Property valuation is a service to a client by a professional valuer. But, more than that, it is an objective exercise to provide a price estimate for property in the current market. A valuer provides a valuation in accordance with professional standards. In teh UK, valuations are carried out in accordance with the RICS Valuation – Professional Standards UK (Red Book - January 2014) which themselves have adopted the International Valuation Standards of the International Valuation Standards Council (IVSC). 

However, there has been little written on the appropriate use of valuation approaches and methods in market valuations. This paper looks at this issue in the UK in relation to the RICS' Red Book and follows the convention noted below:


1. Income

The income approach provides an indication of value by converting future cash flows to a single current capital value.

2. Cost

The cost approach provides an indication of value using the economic principle that a buyer will pay no more for an asset than the cost to obtain an asset of equal utility, whether by purchase or by construction.

3. Market

The market approach provides an indication of value by comparing the subject asset with identical or similar assets for which price information is available.

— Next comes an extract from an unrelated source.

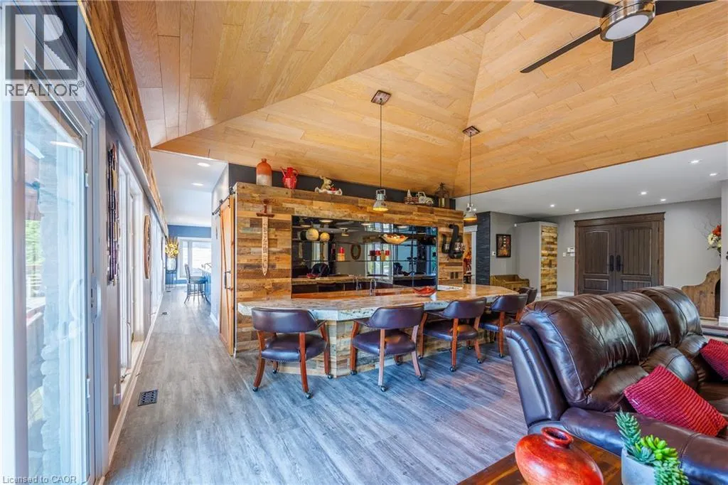 COCKSHUTT RD TO 1285 COCKSHUTT RD HOUSE IS ON THE WEST SIDE OF RD. Experience refined country living in this extraordinary custom-built estate set on over 20 acres of private, scenic land. Backing onto a beautiful golf course and featuring two natural ponds, groomed trails , this one-of-a-kind property offers a rare blend of luxury, tranquility, and future potential with flexible OS zoning. With more than 8,200 sq ft of thoughtfully designed living space, the home showcases exceptional craftsmanship and attention to detail throughout. It offers 5 generously sized bedrooms, each complete with its own ensuite . A main floor office provides the option for a sixth bedroom if desired. At the heart of the home, the chef-inspired kitchen features stainless steel appliances, a spacious pantry, and an oversized island ideal for gathering. A fully equipped second kitchen on the lower level adds versatility, perfect for extended family living or large-scale entertaining. The living spaces are warm yet impressive, highlighted by vaulted wood ceilings, expansive windows, multiple fireplaces, and a custom-designed bar area, creating the perfect setting for both everyday comfort and upscale hosting. The primary suite offers a private retreat with heated flooring and a spa-like ensuite designed for relaxation. Step outside to enjoy beautifully maintained grounds complete with a private pond and bridge, three large custom decks with a gazebo, and open space ideal for events or recreation. The property is already equipped with hydro, water, and internet to support outdoor functions, along with parking for up to 40 vehicles. Additional features include a heated 3-car garage with bathroom rough-in, updated roof with skylights, a repaved driveway, upgraded LED lighting, operated on a central system , a grand custom front entrance, and a modern ultraviolet water system. This exceptional estate offers endless possibilities, whether as a luxurious family residence, an entertainerâs dream, or a unique live/work opportunity in a peaceful natural setting. (id:27476)

1. Comparable Method (Market)

2. DRC/Construction Method (Cost)

3. Investment Method (Income)

4. Residual Method (Income)

5. Profits Method (Income)


For example, with the Investment Method, the valuer can choose an implicit or explicit model.  

Through an extensive survey of valuers and users of valuations, this paper looks at the importance of identifying the appropriate approach to be adopted in market valuations and conveying this information to the client.